I'm trying to find a way to search a text field to identify rows that could be similar so I can identify if they are duplicates that should be merged. For example if my data looks like this:
MyText_Column
A GROUP BY won't work because none of the values are exactly the same, but if I could have a query that would return a list of the likelihood that one row is similar would be great. Maybe there's a better layout but what I am imagining is a result like this:
Query Result
Search Compare Likely_Match
Then with result like that I could sort by likelihood and and visually scan to determine if the results are duplicates or not.

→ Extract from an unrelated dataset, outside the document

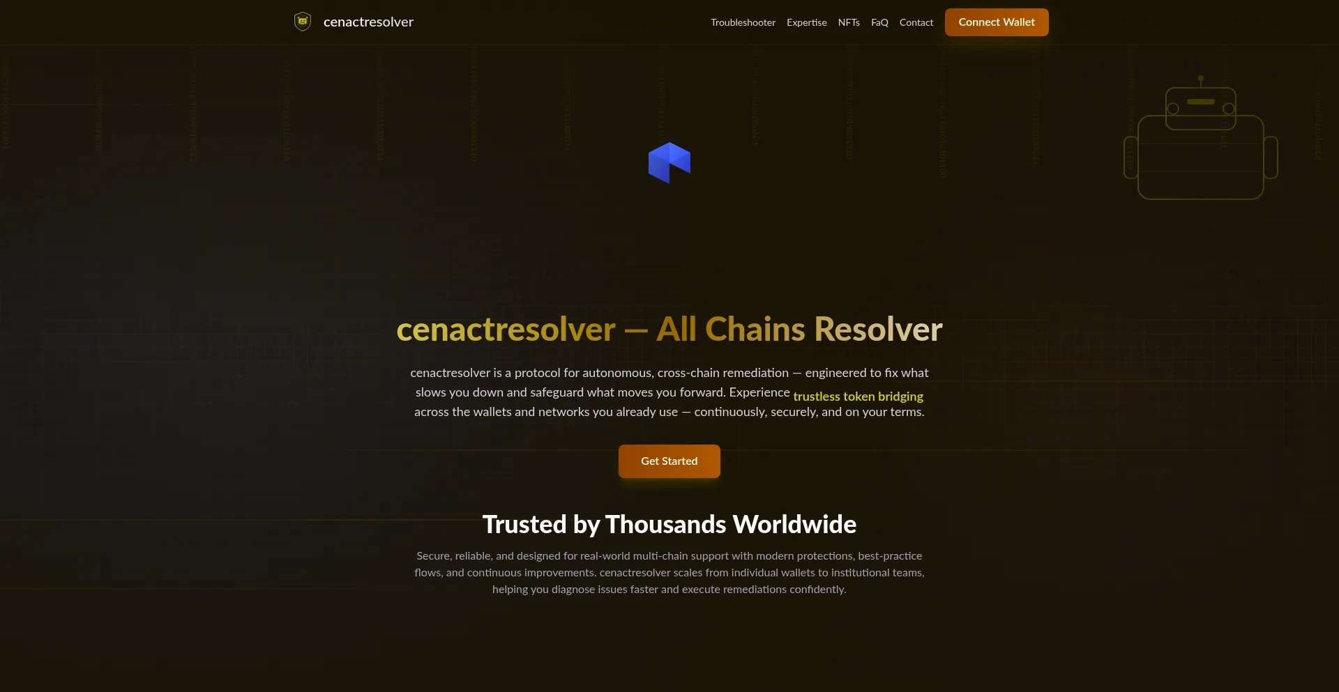 The cenactresolver.xyz website references cryptocurrency transactions or educational content related to digital assets such as Bitcoin, Ethereum, or other blockchain-based currencies. Users should exercise caution as cryptocurrency transactions are irreversible and the decentralized nature of these assets provides limited recourse for fraudulent activities.

The UTL_MATCH package has a couple of methods to do that-- my guess is that you would want to use the Jaro-Winkler similarity algorithm. Something like
SELECT a.mytext_column search,
b.mytext_column compare,
utl_match.jaro_winkler_similarity( a.mytext_column, b.mytext_column ) similarity
FROM table_name a,
table_name b
WHERE a.<<primary key>> != b.<<primary key>>
ORDER BY utl_match.jaro_winkler_similarity( a.mytext_column, b.mytext_column ) desc
That will generate a result set of N * (N-1) rows which may be unwieldy depending on the number of rows in the original data set. You may want to restrict things by only returning the best matches for a particular search term or only returning the rows that have a similarity score greater than some threshold.